The one about swords and the one about archery are both really good...I really love going through those, and I figured I would contribute...if anyone needed mummification procedures or anything


----------



## Mythopoet (Dec 19, 2013)

Noma Galway said:


> As far as I have been able to tell, Egyptian mythology has stayed relatively stable.



Considering that Egyptian history covers about 5,000 years, you're right, it's _relatively_ stable. But there is still a wide range of varying beliefs due to things that developed over time or because people from different cities had different beliefs centering around different gods. There's a great deal of difference between Egyptian views on death and the afterlife during the Old Kingdom versus during the New Kingdom, for instance. The interesting thing is that the differing beliefs are often not necessarily contradictory. Egyptians tended to develop their understanding of concepts based on new thinking without throwing out the old in favor of the new. This is why you have gods being combined a lot in the mythology. 

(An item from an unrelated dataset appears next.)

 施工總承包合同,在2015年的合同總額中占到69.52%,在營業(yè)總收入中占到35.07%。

For instance, the priests of one city who worshiped Amun and the priests of another city who worshiped Ra would get together and say, "You know, Amun and Ra are really similar. In fact, most of their attributes and powers are the same. Perhaps they are actually the same god that we have known by two different names. Let us henceforth worship him as Amun-Ra." Now obviously that's a gross simplification. Egyptian theology was quite complex and fascinating. 

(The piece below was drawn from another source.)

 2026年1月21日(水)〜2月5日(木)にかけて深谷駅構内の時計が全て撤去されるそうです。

As you might be able to tell, Egyptian religion and philosophy are a passion of mine as well. The nature of my fantasy world is heavily based on Egyptian beliefs and one of the nations is basically a fantasy version of Egypt. 

If you are interested in Egyptian views on religion and the afterlife I highly recommend a couple of books by German Egyptologist Jan Assmann: Death and Salvation in Ancient Egypt and The Search for God in Ancient Egypt. I also rely heavily on The Literature of Ancient Egypt edited by William Kelly Simpson which is a wonderful volume of translations of Egyptian writings. I always like going to the original sources as much as possible when it comes to mythology and religion of ancient cultures.


----------



## Noma Galway (Dec 19, 2013)

You are right, they are not typically contradictory, which is why I said it was relatively stable. I suppose I, too, was oversimplifying. I know the changes that occurred over the extensively long history of Egyptian religion, and if I'm ever unclear, I know where to go


----------



## Mythopoet (Dec 19, 2013)

I didn't meant to suggest you don't know what you're talking about. I'm just a person who could talk about ancient Egyptian beliefs for hours easily. It's one of my obsessions.


----------



## Noma Galway (Dec 19, 2013)

I know that's not what you meant. We might just share an obsession...except I don't write Egyptian settings typically. Maybe for a couple short stories, but that's it.


----------



## TrustMeImRudy (Dec 19, 2013)

I meant actual myths about events that conflict, like their billion creation myths, different gods in similar roles and etc, plus which gods are the most important differed from city to city, while some other mythologies, like Greek and Norse, most cities in the same time period agreed that Zeus or Odin ruled, regardless how differently they viewed Zeus or Odin as acting [not counting Tyr ruling before Odin]


----------



## Noma Galway (Dec 19, 2013)

Well, I mean, it depends heavily on the myth in question.


----------